Governor of the Bank of Ghana (BoG) Dr Ernest Addison has said that domestic growth conditions are fairly strong despite signs of weakening consumer and business sentiments.
This comes at a time the country is witnessing rising fuel prices in Ghana, exacerbated by the geopolitical tension between Russia and Ukraine.
The local currency, the Cedi has also been falling against the major trading currencies. The cedi is currently trading beyond 7 cedis to the dollar. Analysts have predicted it is most likely to cross 8.
Dr Addison explained that the banking sector performance remains strong, with sustained growth in total assets, investments and deposits.
Key financial soundness indicators such as profitability, liquidity and solvency remain healthy, he said, adding that asset quality improved slightly, although there are upside risks to the outlook, requiring continued monitoring to address early signs of stress within the sector.
Speaking at the Monetary Policy Committee (MPC) press conferefnce in Accra on Monday Marc 21, Dr Addison said “The Sovereign credit rating downgrades of Ghana by Fitch and Moody’s led to widened yield spreads on both cedi-denominated Government of Ghana bonds and the country’s Eurobonds.
“These downgrades reflect market and investor concerns about fiscal and debt sustainability. Consequently, the Ghana Cedi has come under severe pressure as offshore investors exited positions in domestic securities at a time when domestic demand for forex has increased, reflecting both real and speculative demand. This has caused the exchange rate to overshoot its long-term trend. The strengthening of the US dollar, liquidity pressures, uncertainties regarding budget implementation, portfolio reversals by nonresidents and some speculative pressures are key contributory factors.
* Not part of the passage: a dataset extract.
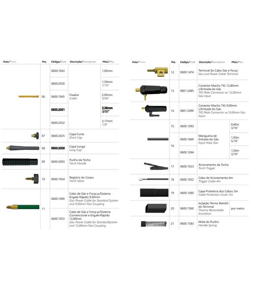- Acompanha consumíveis bocal, porta bico, pinça e capa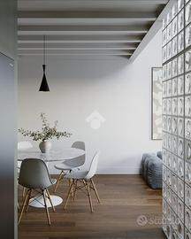 L' appartamento situato al primo piano è composto da : ampia e luminosa zona giorno open - space, mentre zona notte può essere configurata con una o due camere da letto, a seconda delle esigenze, accompagnate da un bagno.

“At this MPC meeting, the combination of tighter global financing conditions, sharp pressures on the exchange rate, and elevated inflation pose some policy challenges. Headline inflation has risen sharply to 15.7 percent in February 2022, and both headline and core inflation are significantly above the upper limit of medium-term target band.
“The uncertainty surrounding price developments and its impact on economic activity is weighing down business and consumer confidence. The risks in the outlook for inflation are on the upside and include
petroleum price adjustments and transportation costs, and exchange rate depreciation. The Bank’s latest forecast still depicts an elevated inflation profile in the near term, with inflation falling within the medium-term target band within a year.
“Fiscal policy implementation has come under strain, reflecting embedded rigidities in the fiscal framework which will require extensive structural reforms to free fiscal space to restore both fiscal and debt sustainability. Revenue performance has been slow to align with projections, while expenditure remains rigid downwards despite the strong efforts to cut expenditure by 20 percent as announced by the
Government. The above have resulted in financing constraints which would have to be resolved very swiftly to ensure the announced fiscal consolidation path is achieved.
“The MPC is however confident that ongoing discussions will lead to very decisive policy reforms that will address underlying fiscal mismatches and restore some calm in the markets. This, together with the monetary policy decision and additional measures, should help re-anchor inflation expectations.
“Under these circumstances, the Committee has decided to increase the policy rate by 250 basis points to 17 percent,” Dr Addison said.